Но не обязан ли он, однако, умереть ради Ольги и ребенка? Он принесет ей страдания, но вместо себя он оставляет ей ребенка, ведь невозможно в жизни иметь абсолютно все. Да, убеждает он себя и почти не думает больше об этом, ни о чем не думает. Он превратился в то, чем мы, говорят, все были. В землю. Но из земли только внешняя оболочка, напоминающая форму человека, сидящего в углу, погруженного в думы, оболочка, из которой рвется душа, тоскливо колеблющаяся на границе жизни, как ивовый прут, склонившийся в осеннем безлюдье над желтой глинистой речкой, полноводной или обмелевшей — все равно. Может, только один корешок держит этот прут на берегу, а может быть, он уже выдернут и лежит мертвый, ожидая полноводья, чтобы сорваться с места, куда — неважно, лишь бы унестись с потоком и зарыться в иле на дне. Какого полноводья он ждет? Последнего импульса к последнему шагу туда, куда его влечет величайший гипнотизер — смерть? Теперь он, как пожелтевший лист на засохшем черенке, ждет первого дуновения ветра, чтобы упасть на землю так же тихо, как тихо прожил он свою жизнь. Он оцепенел, нетерпение притаилось в нем; в душу закралась мысль о веревке, которую он утром видел у водопроводной колонки. Да, да, еще тогда: уставившись на конец этой веревки, он увидел и конец своих мук, увидел покой и спасение в смерти. Не надо бояться, так сказал Петкович, но разве сам он не испугался, разве не пал на колени? Он опустился на колени, но тут же поднялся, увидев женщину. Мутавац тоже поднялся бы с колен, но его жена не появилась. Он бы опустился на колени и сейчас, когда ее нет. Перед кем? Перед богом? Картинка с Бистрицкой богоматерью чуть высунулась из кармана, но он ее больше не достает, не видит он в ней больше утешения. Он постоянно чувствует в ногах что-то тяжелое, что-то его толкает встать и уйти отсюда, уйти, уйти. Ножичек у него в кармане, его не отняли, да и веревка еще на прежнем месте, висит на стене, он приметил это совсем недавно, когда прибежал на крик Петковича. Сердце его бьется размеренно и словно повторяет: скоро, скоро. Оно сочится слезами, слезы текут по жилам вместо крови. Но и они как будто заледенели. Холодно ему. Кашляет. Коченеет. Ждет. Ждет чего-то в себе самом.
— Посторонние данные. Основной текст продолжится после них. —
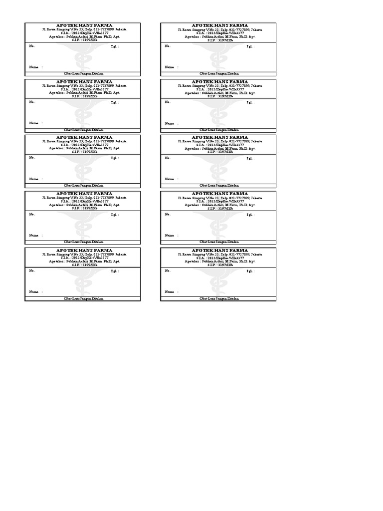 Contoh Etiket Obat Luar Dan Dalam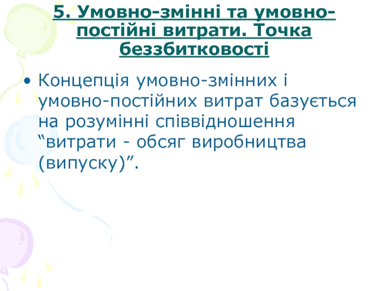 Слайд 335. Умовно-змінні та умовно-постійні витрати. Точка беззбитковості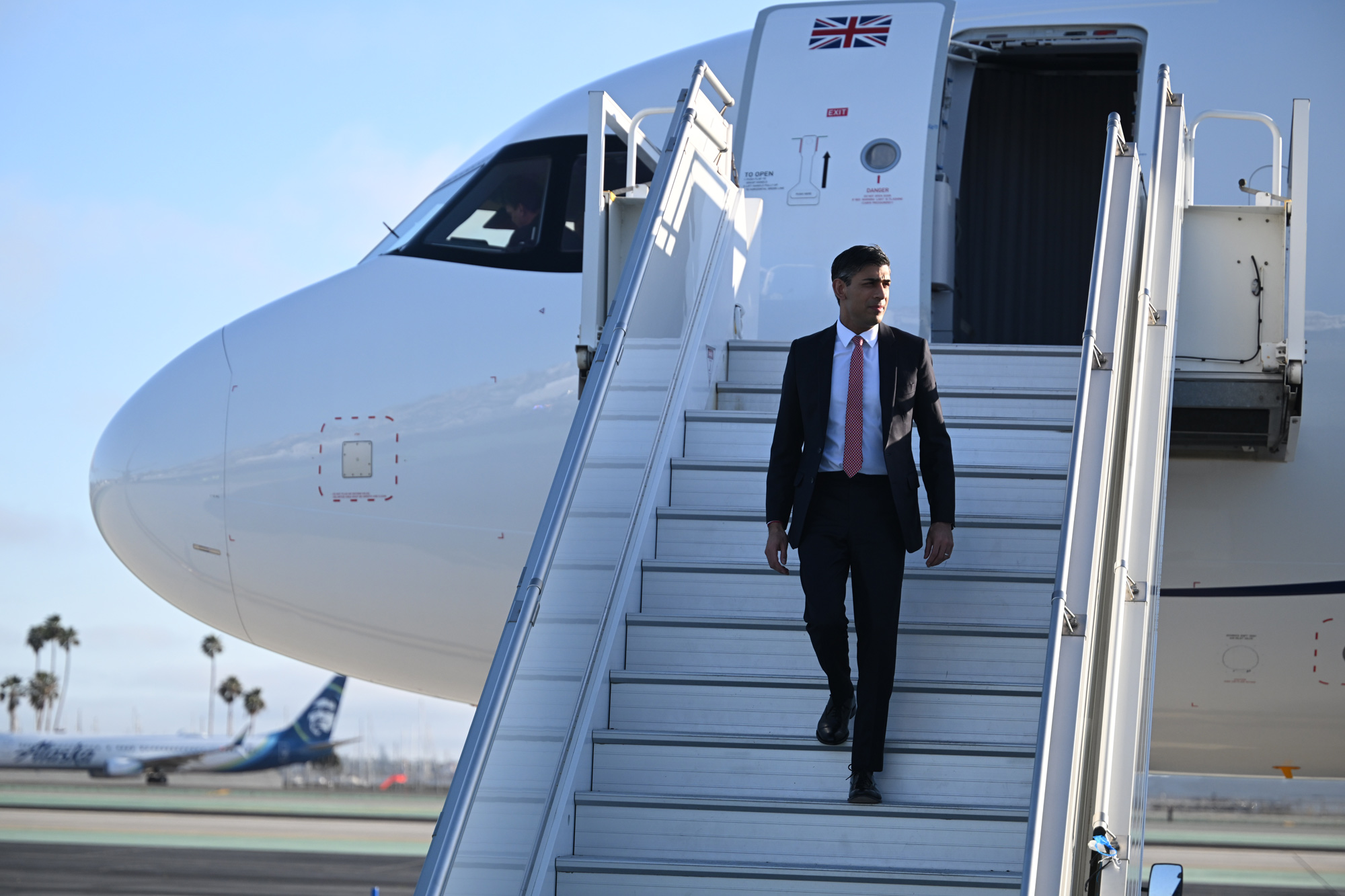 里希·苏纳克于3月12日抵达圣地亚哥国际机场。摄影师:Leon Neal/Getty Images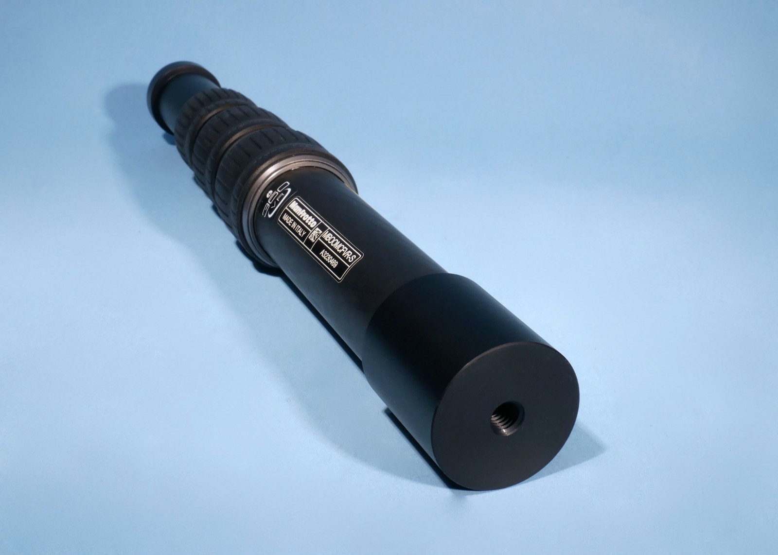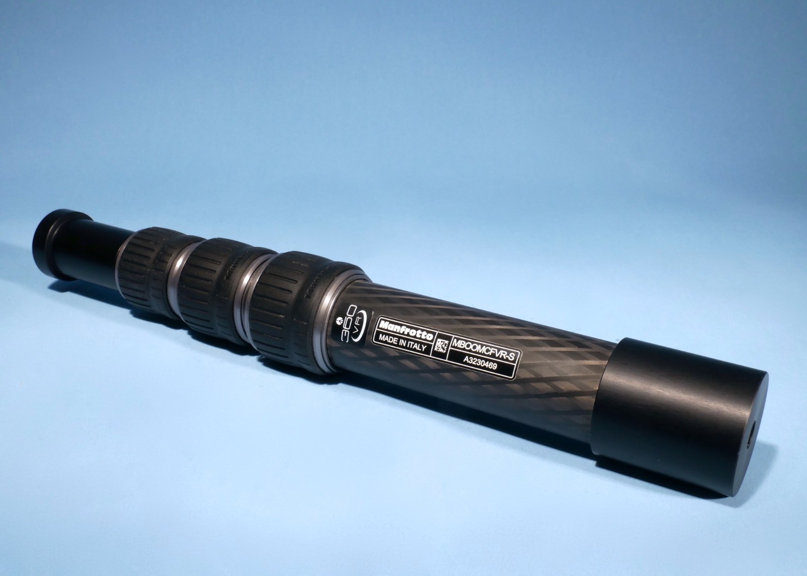 The Manfrotto MBOOMCFVR-S is a 4-section, compact carbon fiber extension boom designed for 360° cameras, featuring a 2kg payload, 33cm–80cm height range, and a double-sided mount (1/4” to 3/8”). It provides extreme rigidity to minimize vibration, making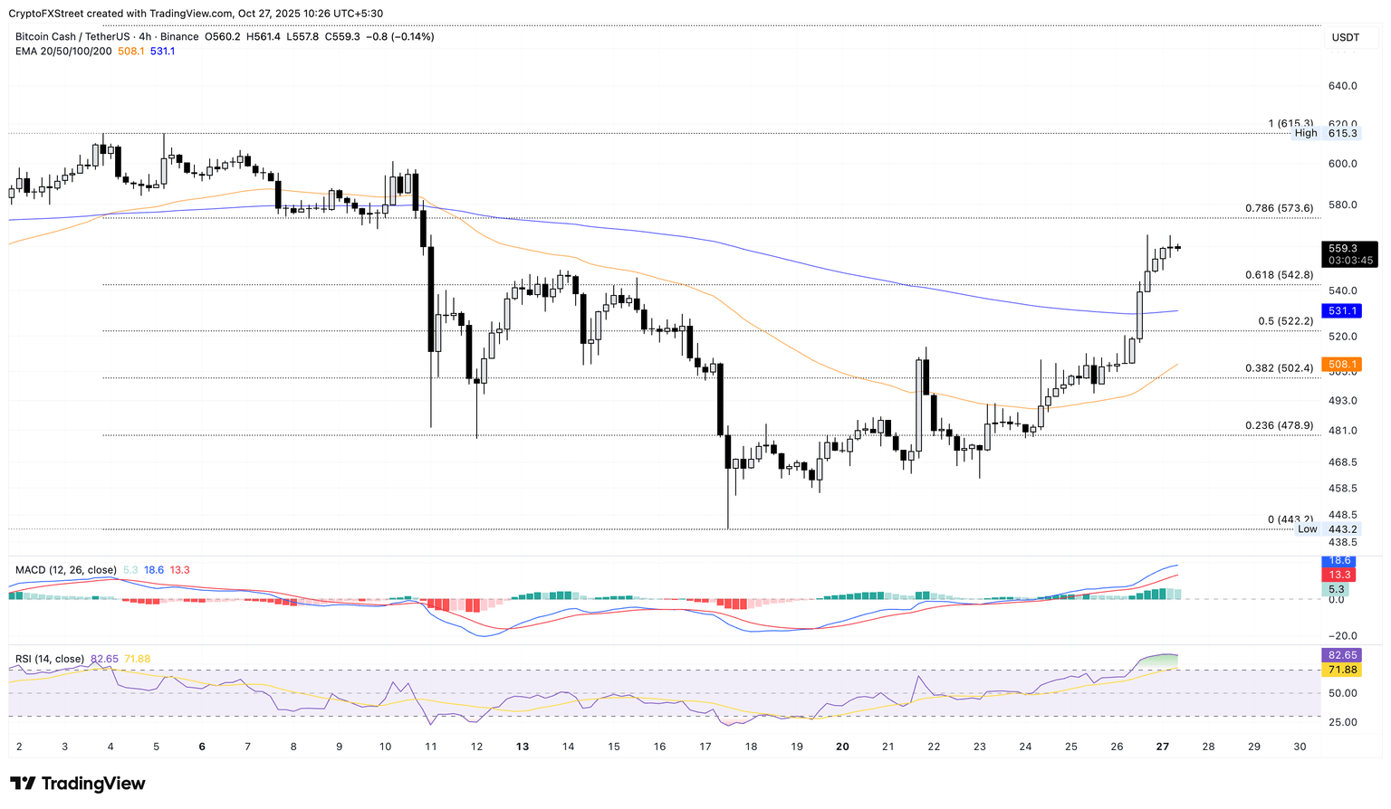 As the whales' interest grows, a successful push above $573 could extend the BCH rally to the $615 peak from October 3.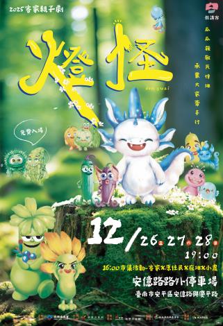 (一)時間:114年12月26日(星期五)、27日(星期六)、28日(星期日),每日下午7時,共3場次,免費入場。(二)地點:安平區安億路路外停車場(安億路與慶平路)(三)市集活動每日下午4時至9時。(客家原住民在地小農市集)劇情介紹:頭擺頭擺,瓜瓜島靠「燈族」照亮全島,毋過竻瓜仔因為阿爸海上任務遇難,下後盡惱燈怪。㇐直到今年迎燈大會,㇐隻黏人个細燈怪㇐路跈等佢,兩儕嗄分狂風吹落海底,意外發現「海底燈堡」个驚天秘密。|主辦單位|客家委員會、臺南市政府|演出單位|紙風車劇團

— И в самом деле, зачем мне это держать у себя, — подал голос Рашула, вытаскивая из кармана и рассматривая записочку Ольги. — С помощью моих друзей все равно станет известно, что она у меня. Отдам-ка ее лучше охранникам, и пусть они ее хранят или передадут судье для приобщения к делу.
— Behalten Sie es lieber [87] — наклоняясь к нему, шепчет Розенкранц.
— Meinen Sie? [88] Все равно она не принесет нам большой пользы на суде, — усмехнулся Рашула и принялся ее рвать, но не разорвал и протянул Мутавцу. — Возьмите, Мутавац! Все говорят, что я вам зла желаю, даже смерти, а вот вам доказательство, что это не так. Возьмите.
87
Оставьте лучше себе (нем.).
88
Вы полагаете? (нем.)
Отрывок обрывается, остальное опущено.